Task description:
Going through the material below, output exactly the lines from the one containing "Znak Zakaz zdejmowania osłon" through the one containing "Colorful Lively &", and no pictures.

Task inputs:
___
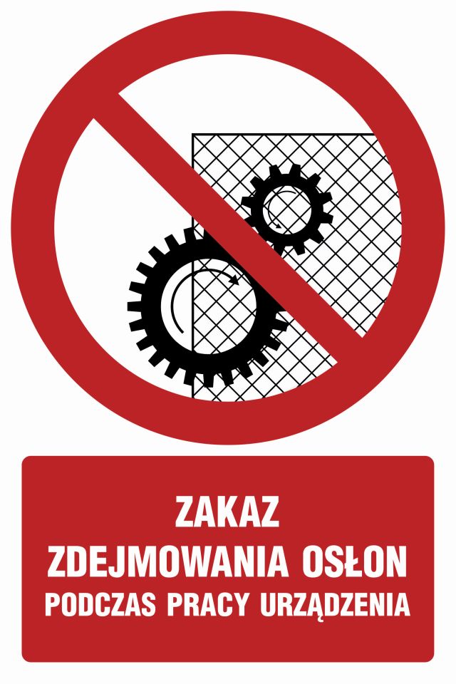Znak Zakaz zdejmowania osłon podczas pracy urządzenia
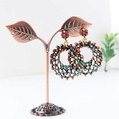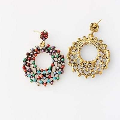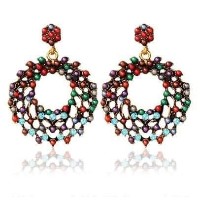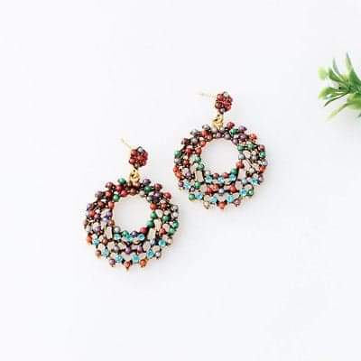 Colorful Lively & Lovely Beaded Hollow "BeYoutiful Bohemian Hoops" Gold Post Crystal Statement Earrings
___
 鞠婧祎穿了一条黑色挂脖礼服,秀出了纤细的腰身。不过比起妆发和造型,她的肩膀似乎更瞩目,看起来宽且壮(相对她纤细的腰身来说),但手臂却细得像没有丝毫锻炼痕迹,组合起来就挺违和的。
___
Response to this exercise:
Znak Zakaz zdejmowania osłon podczas pracy urządzenia
 Colorful Lively & Lovely Beaded Hollow "BeYoutiful Bohemian Hoops" Gold Post Crystal Statement Earrings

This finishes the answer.